Se trata de otra eximia creación de
Thompson, y una de las más difíciles, pues en el territorio de la literatura,
con la excepción de Dickens o del protagonista de La isla del tesoro, o Lord of
the Flies, de William Golding, los niños suelen ser muy difíciles de
caracterizar. En este caso, la relación
de Collins y Fay con el niño alterala ecuación, se pasa del melodrama a la
tragedia.
Teniendo en cuenta la violencia del exboxeador,
siempre al acecho, y los cambios de humor de Fay, dependiendo de la cantidad de
alcohol que ha ingerido antes del mediodía, la tensión se acrecienta a cada
página. Y está el tercero –más en discordia que en concordia–, el “Tío” Bud,
urdiendo un plan para quedarse con el dinero del secuestro.
El “Tío” Bud es otra gema de personaje
que Thompson brinda al lector. Es un ex policía dado de baja por su propensión
al delito. Su temperamento se expresa en sus monólogos y en un lenguaje vernáculo.
Thompson tenía un bagaje cultural muy sorprendente
para alguien que también había sido un drifter,
un vagabundo, durante la época de la Depresión. Su escritor favorito era
Jonathan Swift, el autor de Los Viajes de
Gulliver.

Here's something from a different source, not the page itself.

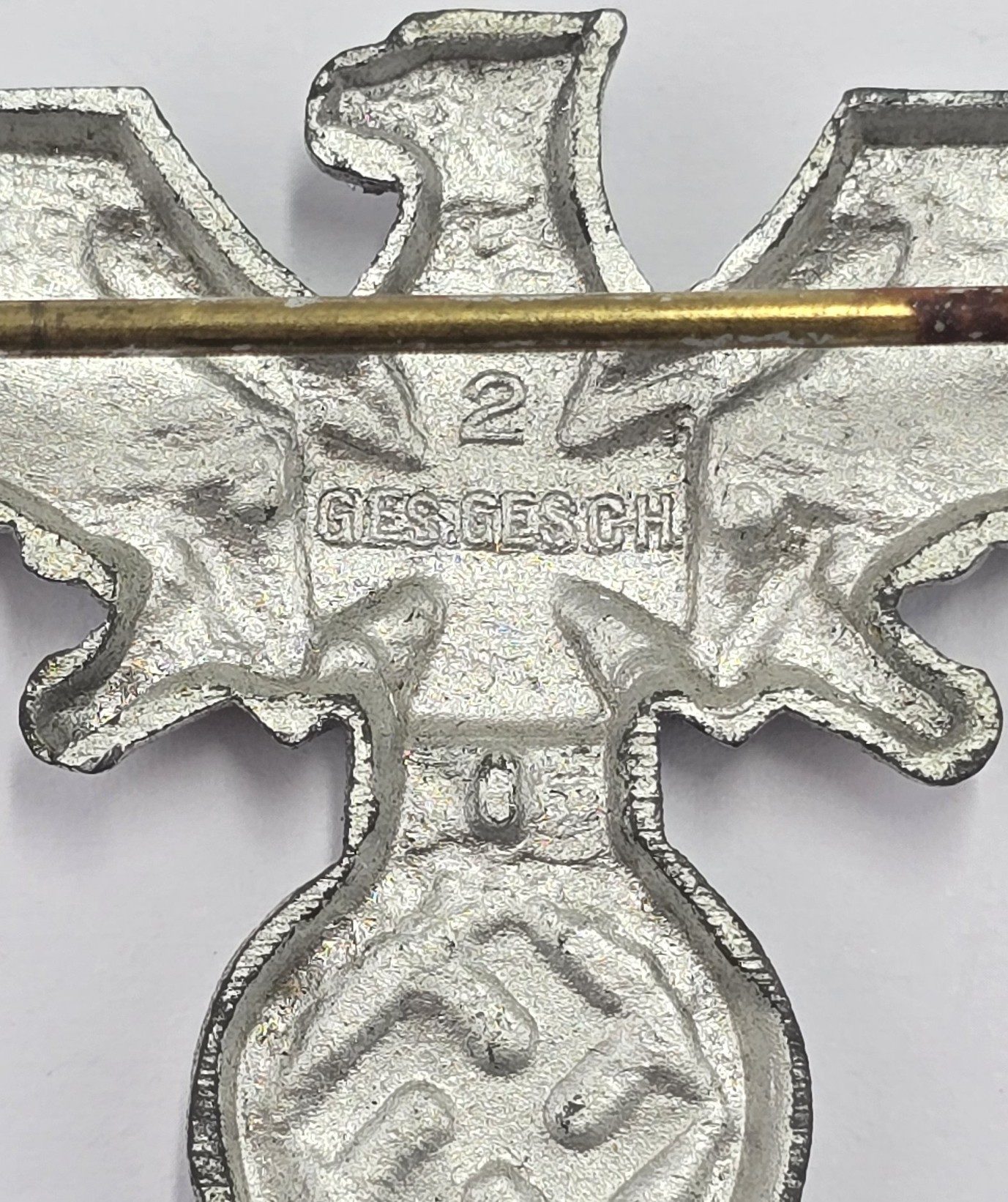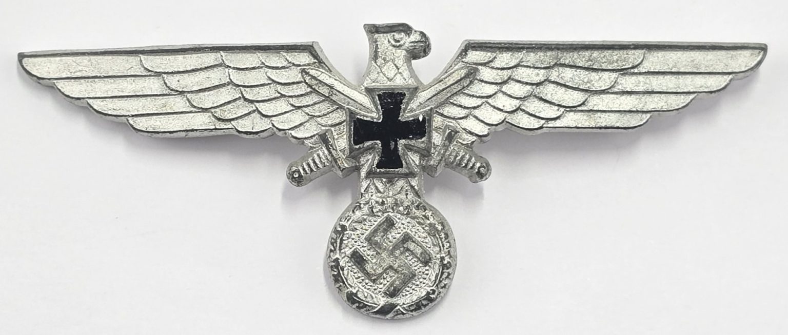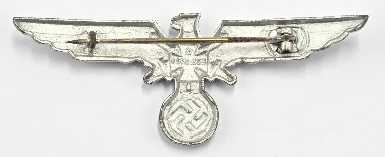 Large alloy breast eagle and swastika, with black enamel cross to center, maker, pin and catch back, in used condition.

Prefería la sátira al drama, y le apasionaban los dramaturgos
griegos. De allí que la tragedia siempre sobrevuela en torno a sus personajes.
En el caso de Collins, observamos su transformación de un balbuceante pelele en
un ser que inventa maneras de proteger al niño. Hay una escena donde le
administra insulina, que vale por varias novelas.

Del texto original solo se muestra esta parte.